When I started this blog I was a runner. I obsessed about running, I had goals about running, I read about running, I talked about running, I lost sleep about running… well you get the idea. Then I had the great thyroid shit-out of 2015. I had multiple breakdowns that involved me screaming BUT IF I CAN’T RUN WHO AM I!?!?!? That’s not a great place to be for someone who has struggled with depression for as long as she can remember. It was terrifying. The thyroid shit-out forced me to slow down and reassess, which was super lame… but helpful.

Four years later, I really enjoy Olympic Weightlifting, I love hiking, I love walking, my shoes last for MONTHS, I read a lot of books, I enjoy doing puzzles (did I mention I’m a 100 year old lady), I see my husband more, I volunteer at races A LOT, and I still run. 

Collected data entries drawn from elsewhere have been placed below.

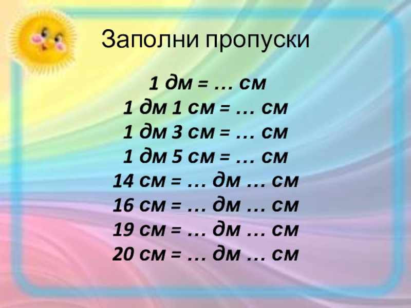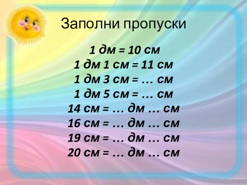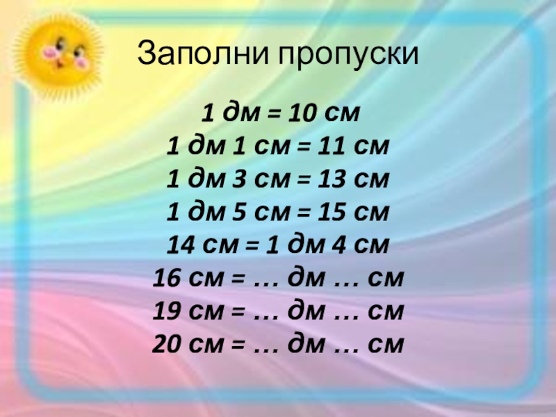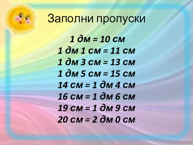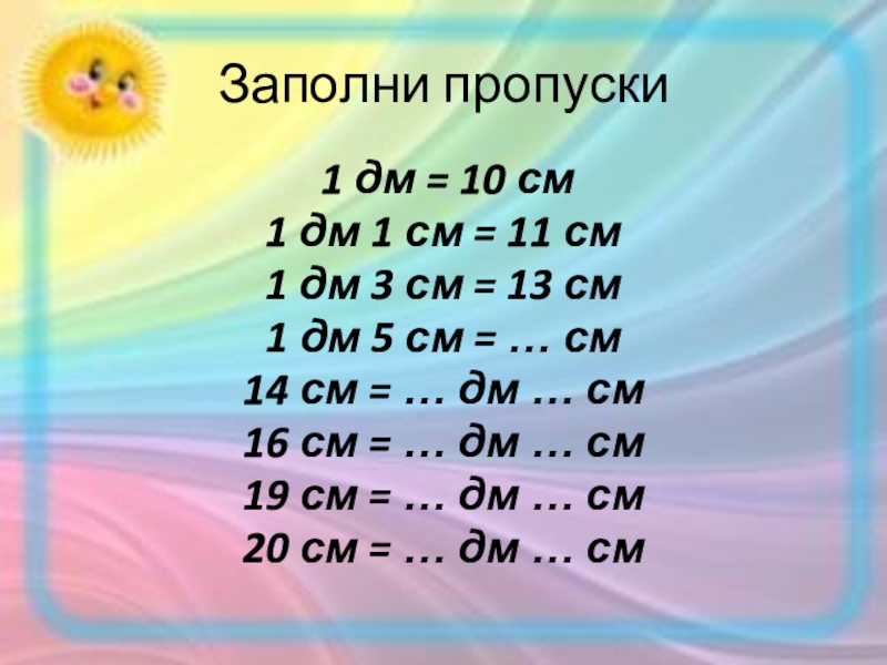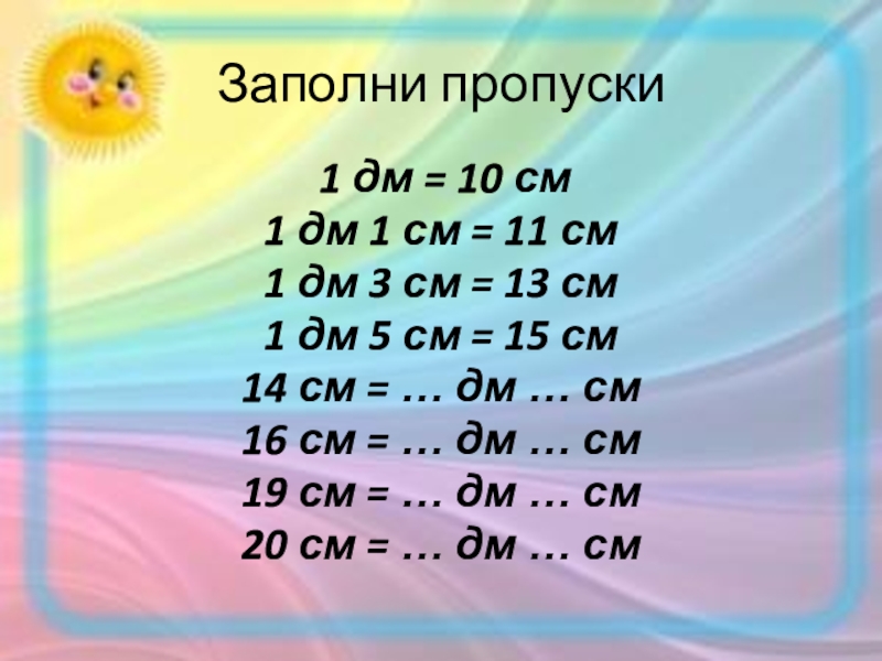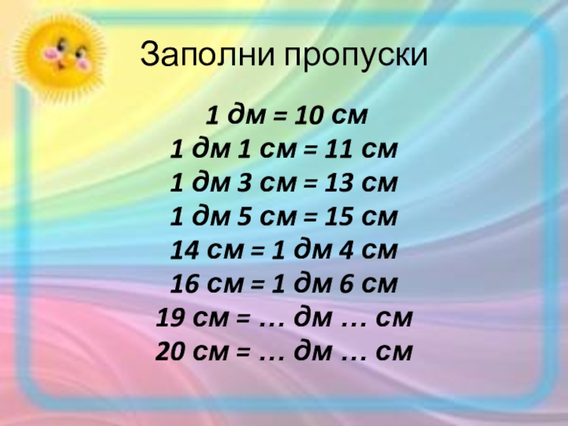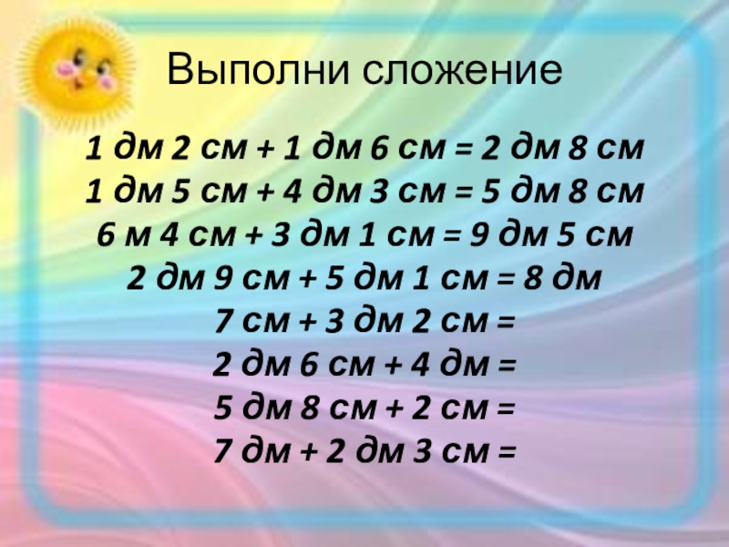 7 дм + 2 дм 3 см = 9 дм 3 см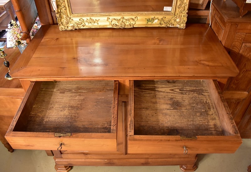 Depuis 50 ans, chaque pièce de mobilier est minutieusement restaurée avec passion dans notre atelier d’ébénisterie.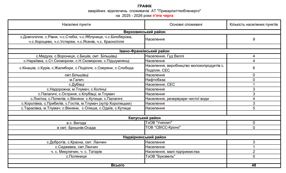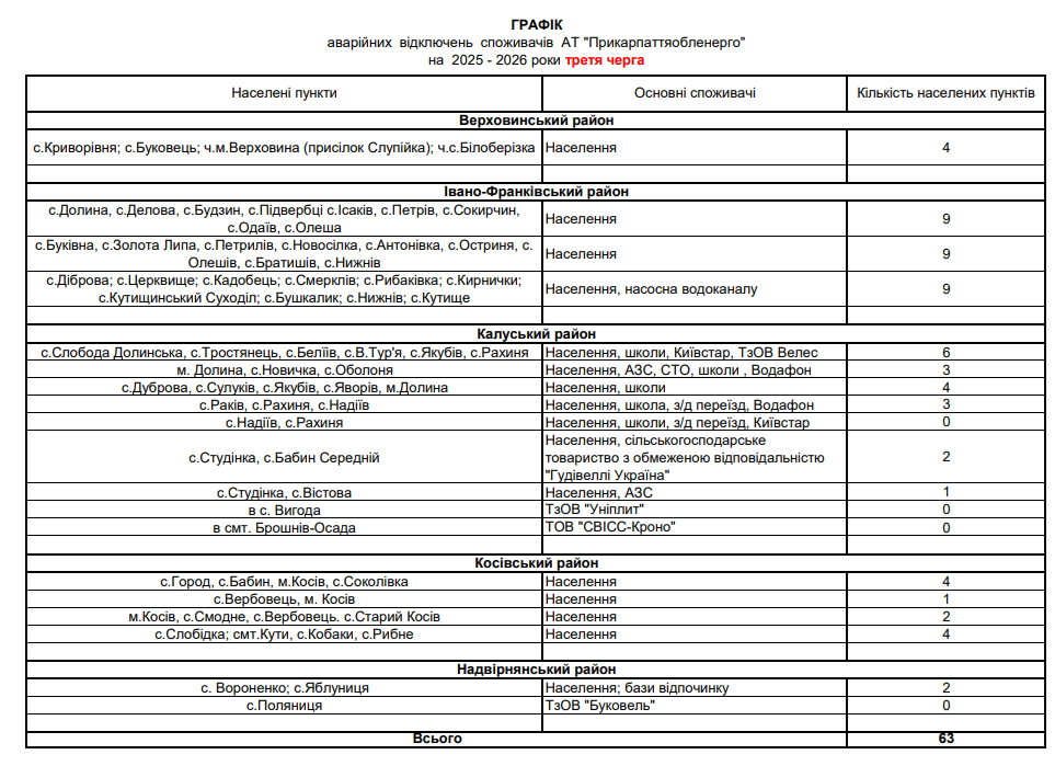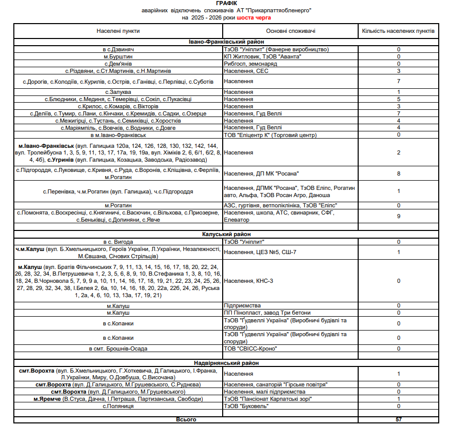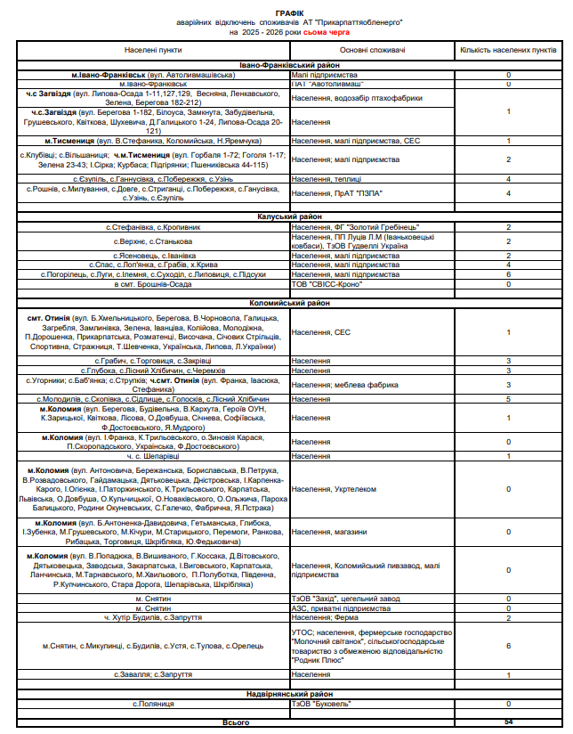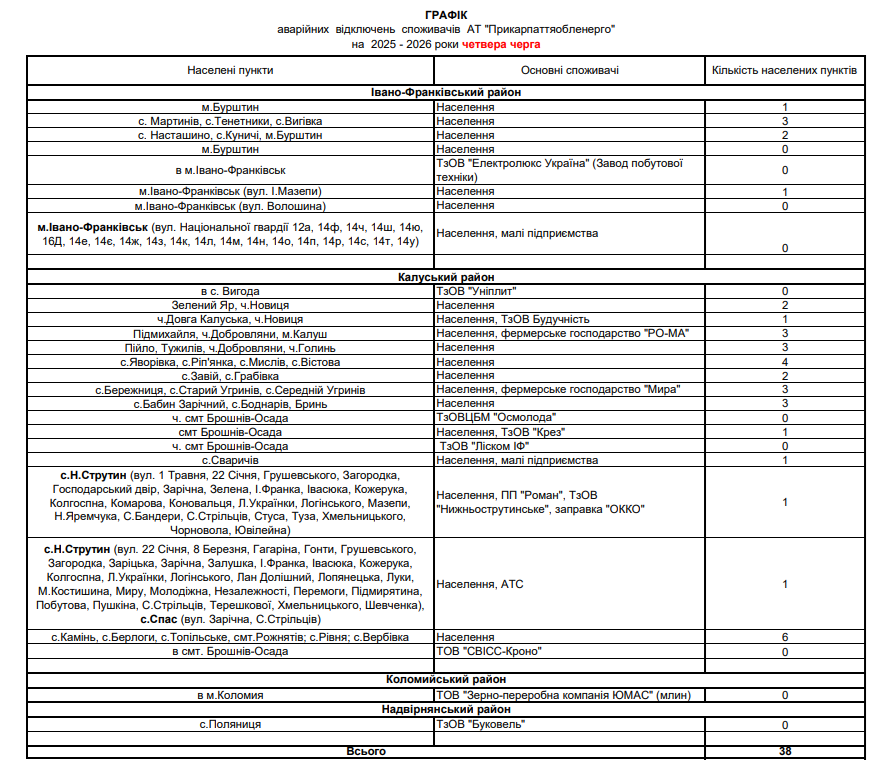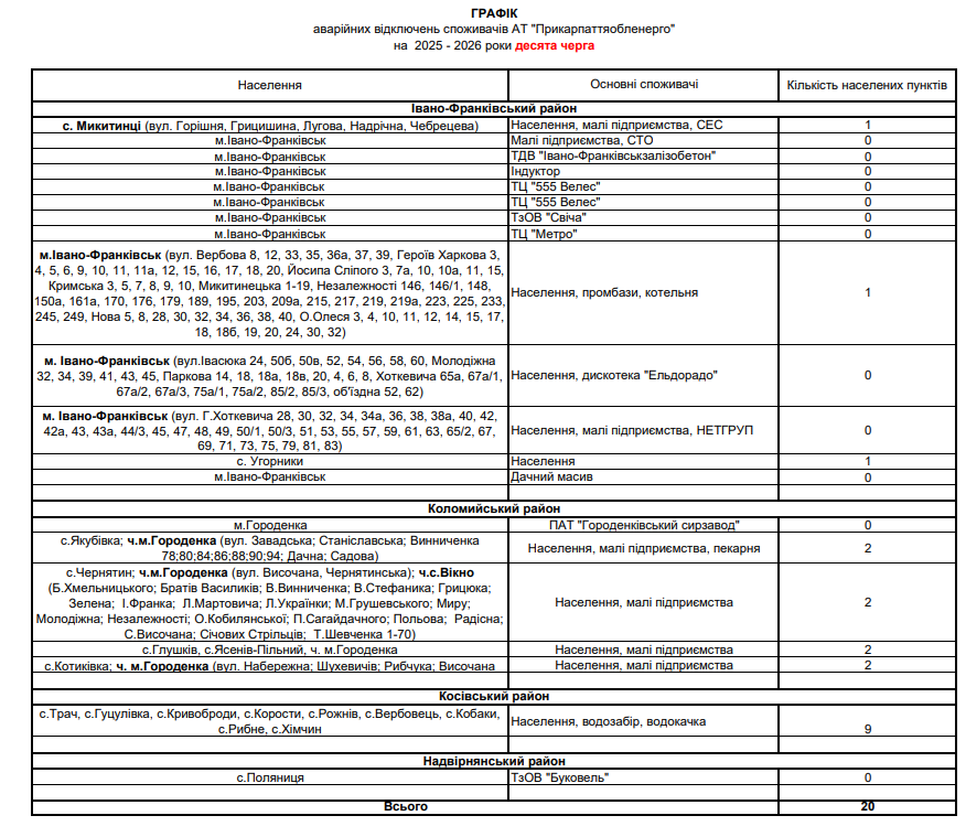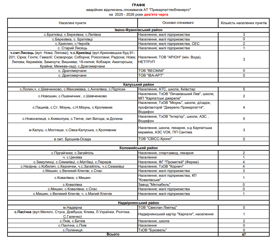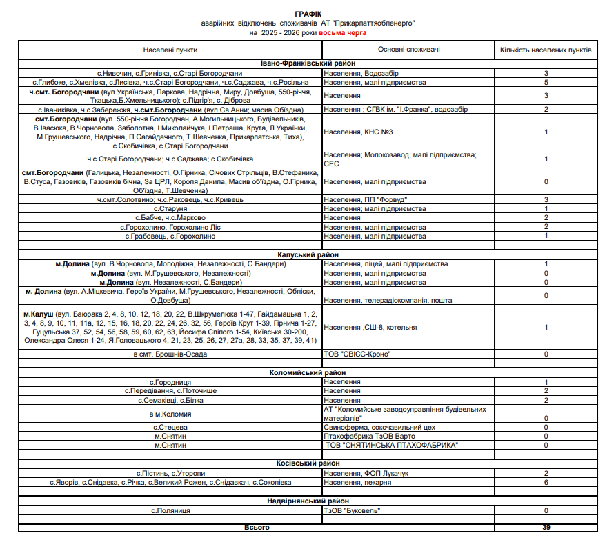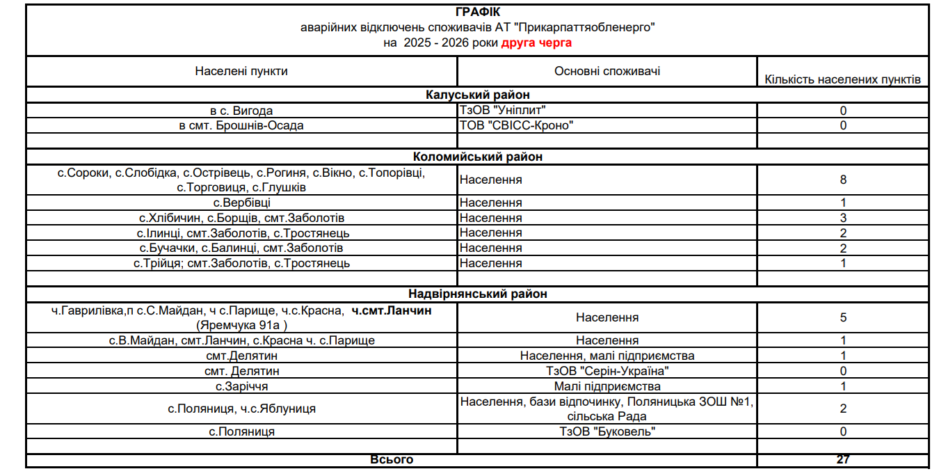 Оновлені графіки для Прикарпаття будуть діяти з 1 жовтня 2025 року і до 1 квітня 2026 року.

I didn’t run much at all for a year or so, but started doing it more this summer, just a mile here and there or a bit of jogging thrown into my walking. And the difference was, I was just doing it because I liked it. I do miss the feeling after a long trail run when I sit and space out with a travel mug of luke warm coffee. I don’t miss that it took my entire Saturday EVERY Saturday to get that feeling. But I love that now that I’m not training for a race constantly, I can just do whatever feels good. Some people can train that way, I never could. 

So, I don’t know if the bit of running I’ve been doing has gotten this blog back in my head or if I was just ready to publicly babble again. But I thought about the name…. and I guess it still fits. I’m still persistent about running, but I don’t define myself by it anymore, and so far that has been fun.